Try it
Leave the pictures out and repeat the rest of the data below exactly.

Data block
>>
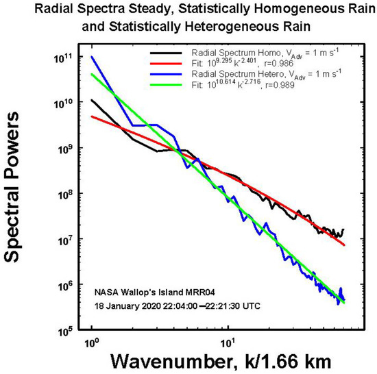 The computed radial power spectrum assuming an advection velocity of 1 m s−1 for the period of steady rain and for the next 1060 s of statistically inhomogeneous, non-steady rain, as discussed further in the text.
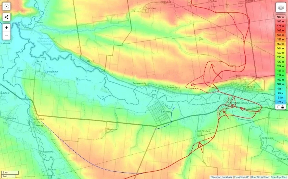 Противник был отброшен на западные окраины села и пытается там сдерживать наше наступление. Падение Константинополя, а далее почти автоматически н.п. Разлив, довольно быстро отодвинет фронт к населенному пункту Богатырь.
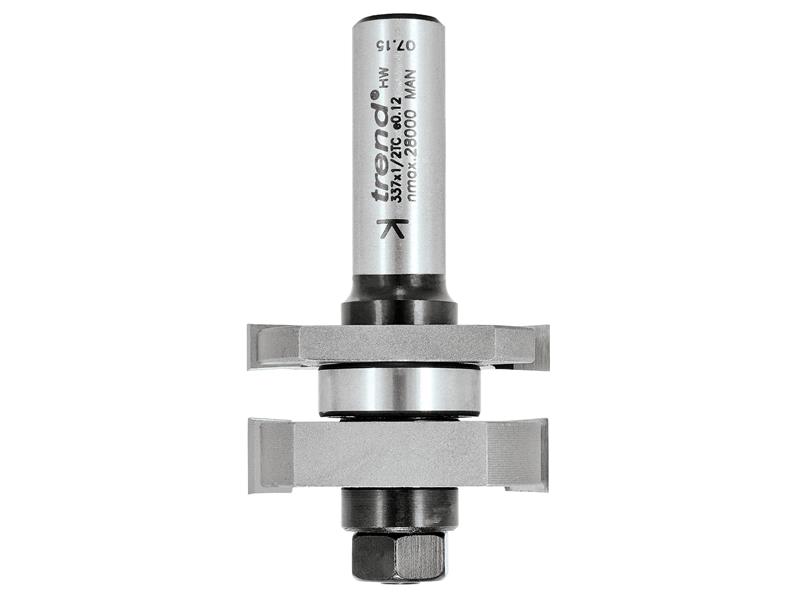 This Trend 337 x 1/2 tc is a one-piece tongue and groove set. The parts are inter-changed on the Arbor to alter the set up. It has a maximum timber thickness 22 mm and Minimum timber thickness 15 mm. Instructions for use are supplied.
<<
Task solution
 The computed radial power spectrum assuming an advection velocity of 1 m s−1 for the period of steady rain and for the next 1060 s of statistically inhomogeneous, non-steady rain, as discussed further in the text.
 Противник был отброшен на западные окраины села и пытается там сдерживать наше наступление. Падение Константинополя, а далее почти автоматически н.п. Разлив, довольно быстро отодвинет фронт к населенному пункту Богатырь.
 This Trend 337 x 1/2 tc is a one-piece tongue and groove set. The parts are inter-changed on the Arbor to alter the set up. It has a maximum timber thickness 22 mm and Minimum timber thickness 15 mm. Instructions for use are supplied.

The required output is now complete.